Suppose that the length of a list l is N. We may insert an element x at index i by calling l.insert(i, x), and may delete the element at index i by running del l[i]. Both of these operations take O(N), since they may need to shift over many elements in memory. However, the operation del l[-1], which deletes the last list element, will run in O(1).

Now let's consider appending an element by calling l.append(x), an extremely common operation. append() runs in O(1) on average. This means that although a single call to append() may occasionally take a relatively long time to run, a sequence of N append operations to an initially empty list will always run in O(N). For example, consider this program:

n = int(input('Enter n: '))

a = []
for i in range(n):
    a.append(i)

This program will run in O(N), and so the average running time of each call to append() is O(1).

Occasionally we will write O(1)* to mean O(1) on average.

Let's consider the time to concatenate two lists using the + operator. If A is the length of list l, and B is the length of list m, then (l + m) will run in time O(A + B). Alternatively, we may write that it runs in O(|l| + |m|). The important point is that this operator always builds a new list, which takes time proportional to the new list's length.

This may have some surprising consequences. For example, consider these two programs, which differ only in their last line:

(1)

n = int(input('Enter n: '))
a = []
for i in range(n):
    a.append(i)

(2)

n = int(input('Enter n: '))
a = []
for i in range(n):
    a = a + [i]

How long will they take to run?

The first program makes N calls to append(), which runs in O(1) on average. The total time is N ⋅ O(1) = O(N).

The second program performs N list concatenations. The first builds a list of length 1; the second builds a length of 2, and so on, up to length N. Concatenating two lists to form a list of length M takes O(M). So the total time will be

O(1 + 2 + 3 + ... + N) = O(N²)

If you like, try running the two programs and entering N = 1,000,000. The first will complete instantly. The second will run for a long time. If N is 1,000,000, then a program that runs in O(N2) will be a million times slower than a program that runs in O(N) if the underlying constants are the same in both big-O functions.
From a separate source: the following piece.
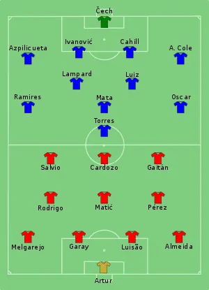 «Челси» по причине травм в финале не смогли помочь Эден Азар, капитан команды Джон Терри и Райан Бертранд, а также заигранный за «Ньюкасл Юнайтед» Демба Ба[30]. У «Бенфики» из-за перебора желтых карточек не сыграл Макси Перейра.

The moral of the story: use append(), not concatentation, to add a single element to a list!

Finally, recall that x in l tests whether the list l contains the value x. This will run in O(N), since Python may need to scan all list elements to determine whether x is present.

lists are arrays

A Python list is actually an array, meaning a sequence of elements stored in contiguous memory locations. In fact it is a dynamic array, since it can expand over time. (In many programming languages, arrays have a fixed size).

For this reason, we can retrieve or update any element of a list by index extremely quickly, in constant time. Even if a list l has 1,000,000,000 elements, accessing e.g. l[927_774_282] will be extremely fast, just as fast as accessing the first element of a short list.

In our algorithms class, we will usually use the term "array" to describe this kind of data structure.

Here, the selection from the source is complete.